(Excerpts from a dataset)
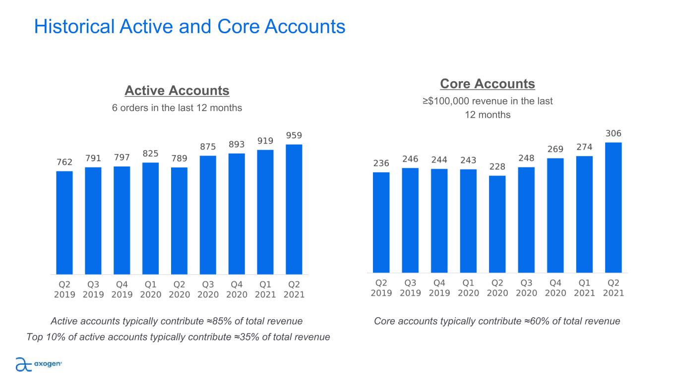 Historical Active and Core Accounts Active accounts typically contribute ≈85% of total revenue Top 10% of active accounts typically contribute ≈35% of total revenue Active Accounts 6 orders in the last 12 months Core accounts typically contribute ≈60% of total revenue Core Accounts ≥$100,000 revenue in the last 12 months
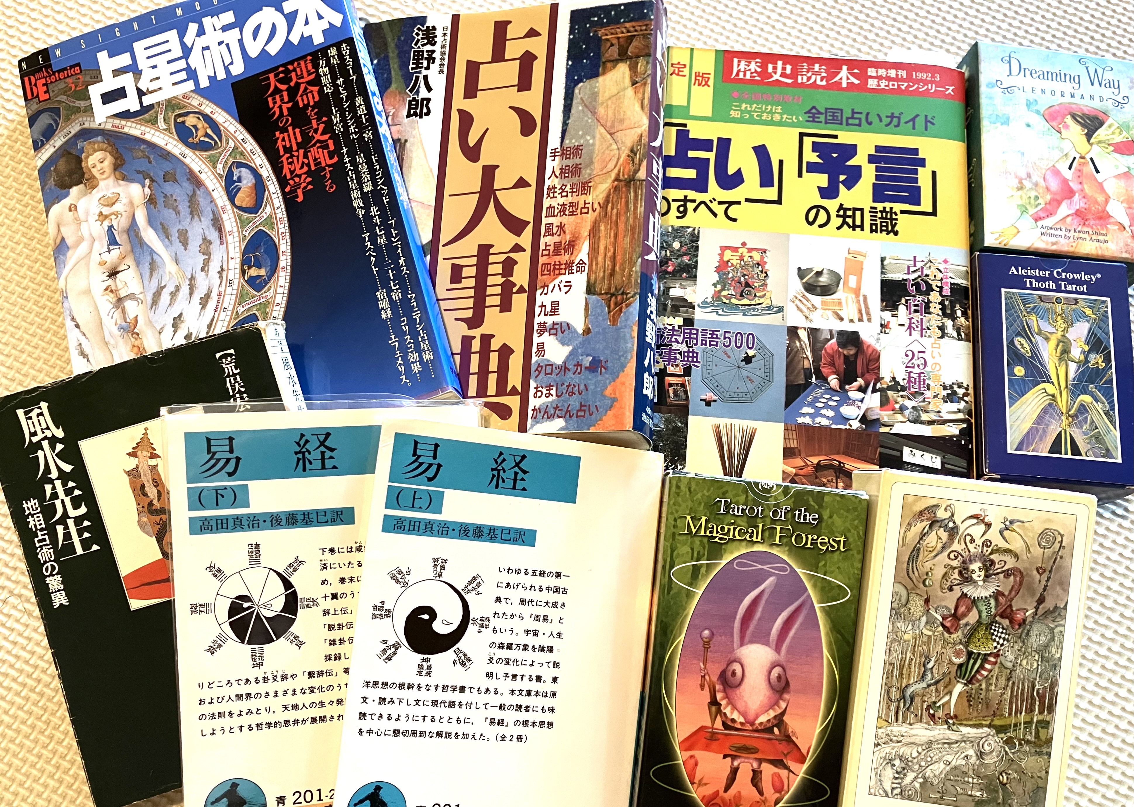 引越しを機に、持っていた、たくさんの占いの本や様々なタロットなどのカード達も風を通し、心機一転でございます。
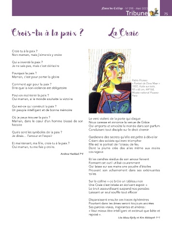 Comment agir pour la paix ? « Portrait de Dora Maar »
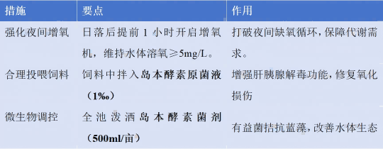 (1)预防为主:每日巡塘重点关注油膜、气泡、虾群行为三大指标
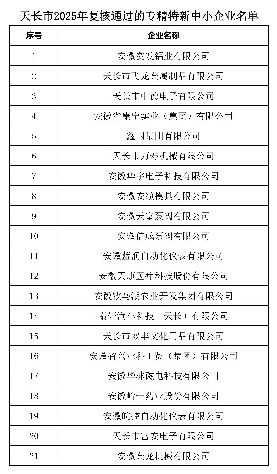 2025年12月26日,安徽省工信厅公布了2025年安徽省专精特新中小企业认定及复核结果。
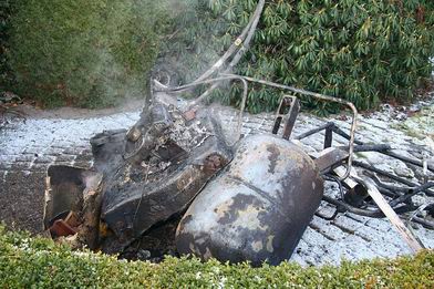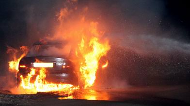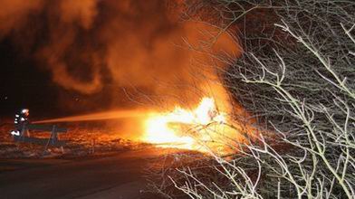 | Omdat er een LPG-tank in de auto zat, moest de brand met de nodige voorzichtigheid worden bestreden In oudere typen auto's met een LPG-installatie ontstaat vaak brand, omdat na langdurig uitsluitend op LPG rijden de pakkingen in de brandstoftoevoer uitdrogen en na omschakeling van LPG naar benzine brandstof weglekt en verdampt op de hete motor. Of dat hier het geval was, is niet bekend. |

Work to be completed:
Transcribe all data precisely. Pictures are not copied.

Solution to the exercise:
 Historical Active and Core Accounts Active accounts typically contribute ≈85% of total revenue Top 10% of active accounts typically contribute ≈35% of total revenue Active Accounts 6 orders in the last 12 months Core accounts typically contribute ≈60% of total revenue Core Accounts ≥$100,000 revenue in the last 12 months
 引越しを機に、持っていた、たくさんの占いの本や様々なタロットなどのカード達も風を通し、心機一転でございます。
 Comment agir pour la paix ? « Portrait de Dora Maar »
 (1)预防为主:每日巡塘重点关注油膜、气泡、虾群行为三大指标
 2025年12月26日,安徽省工信厅公布了2025年安徽省专精特新中小企业认定及复核结果。
 | Omdat er een LPG-tank in de auto zat, moest de brand met de nodige voorzichtigheid worden bestreden In oudere typen auto's met een LPG-installatie ontstaat vaak brand, omdat na langdurig uitsluitend op LPG rijden de pakkingen in de brandstoftoevoer uitdrogen en na omschakeling van LPG naar benzine brandstof weglekt en verdampt op de hete motor. Of dat hier het geval was, is niet bekend. |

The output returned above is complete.